Sekou Sylla (born 1 January 1992) is a Guinean professional footballer who plays as a forward for Myanmar National League club Yangon United.He is Yangon United's all-time Third-highest goalscorer with 46 Goals.

Club career

Sriracha
Sylla began his professional career at Sriracha of Thai Division 1 League in March 2012 and played until December 2012.

Chanthaburi
In January 2014, he signed with another Thai side Chanthaburi, that competes in the League 3 but has not appeared in any league match.

Magwe
In 2014, Sylla moved to Myanmar National League and signed with Magwe. He represented the club in 2017 AFC Cup, where he made four appearances, notching an equalizer to tie with Malaysian side Johor Darul Ta'zim 1–1, and another goal to salvage a 1–1 draw with Cambodian side Boeung Ket.

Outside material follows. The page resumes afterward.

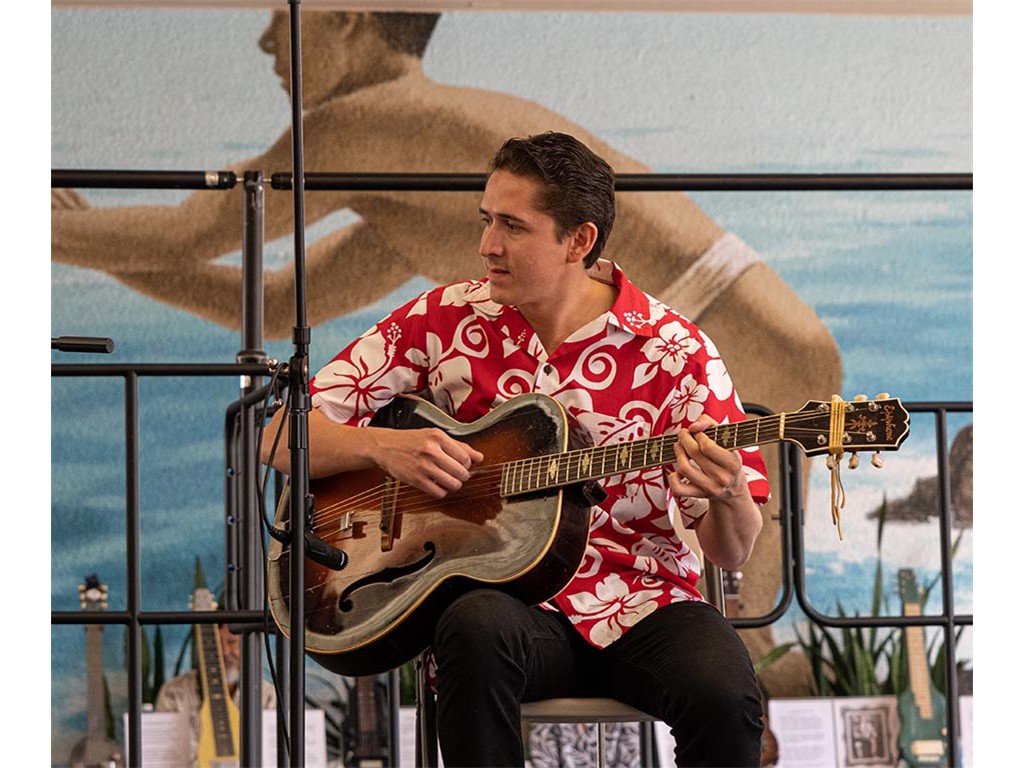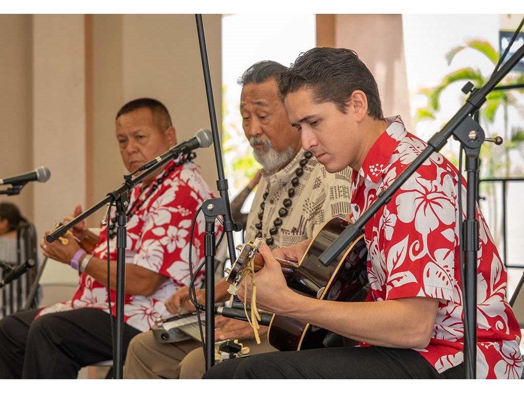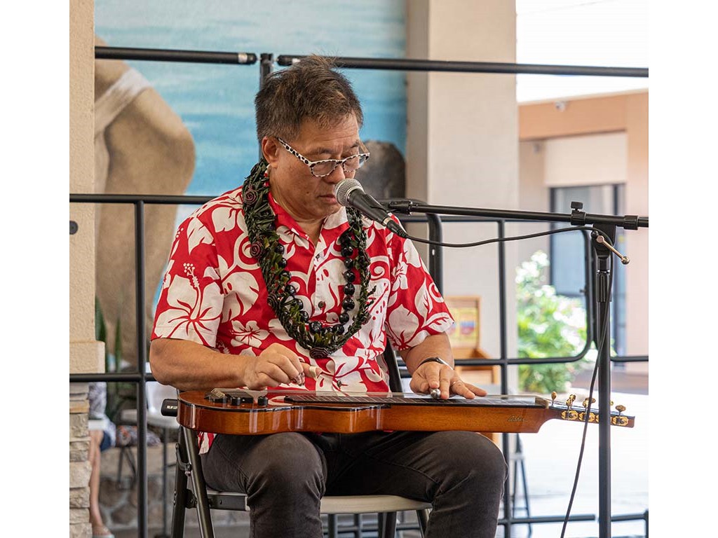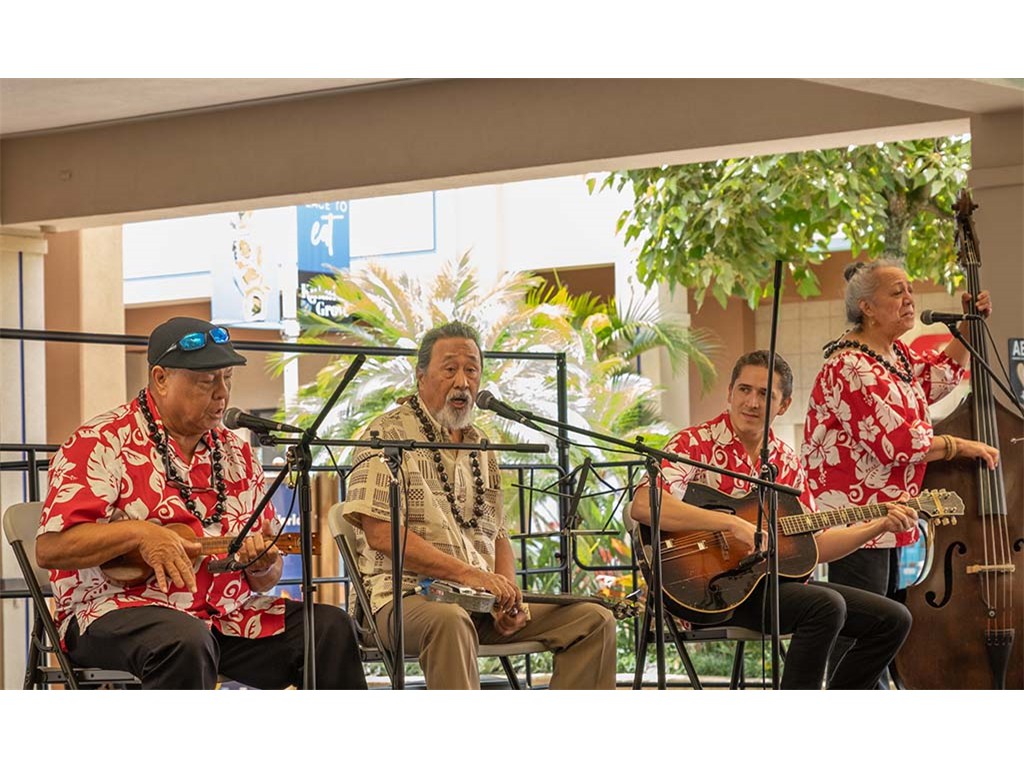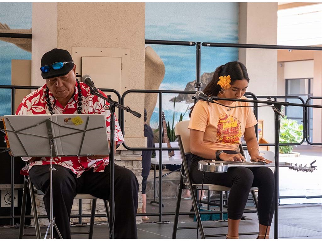 The Kukui Grove Center festival featured steel guitarists Geronimo "Geri" Valdriz, Greg Sardinha, NextGen steel guitarists Makamae Lyu-Napoleon, Isabella Bertlemann, Enosa Lyman, Tai Misailidis and Joey Misailidis, steel guitarists Sebastian Mūller, Mālie Lyman, Bobby Ingano with guest artist Heu‘i Bandmann, and Alan Akaka.

With Magwe, he appeared in 88 league matches between 2014 and 2017, scoring 18 goals. He also won the 2016 General Aung San Shield with them, defeating Yangon 2–1.

Global Cebu
Traded to Filipino side Global Cebu in 2017, the Guinean authored a brace for his new club in a 3–1 win over Kaya FC-Makati, and earning the man of the match award. He played only 3 matches for the Philippines Football League side and scored 5 goals.

Yangon United
In December 2017, he moved to another Burmese side Yangon United and appeared in domestic tournaments such as Myanmar National League, General Aung San Shield, and MPT Charity Cup. With Yangon, he played in the 2018 AFC Cup and scored 10 goals in 7 matches. He was in the squad of United, that won 2018 General Aung San Shield defeating Hanthawaddy United 2–1, where he scored a goal.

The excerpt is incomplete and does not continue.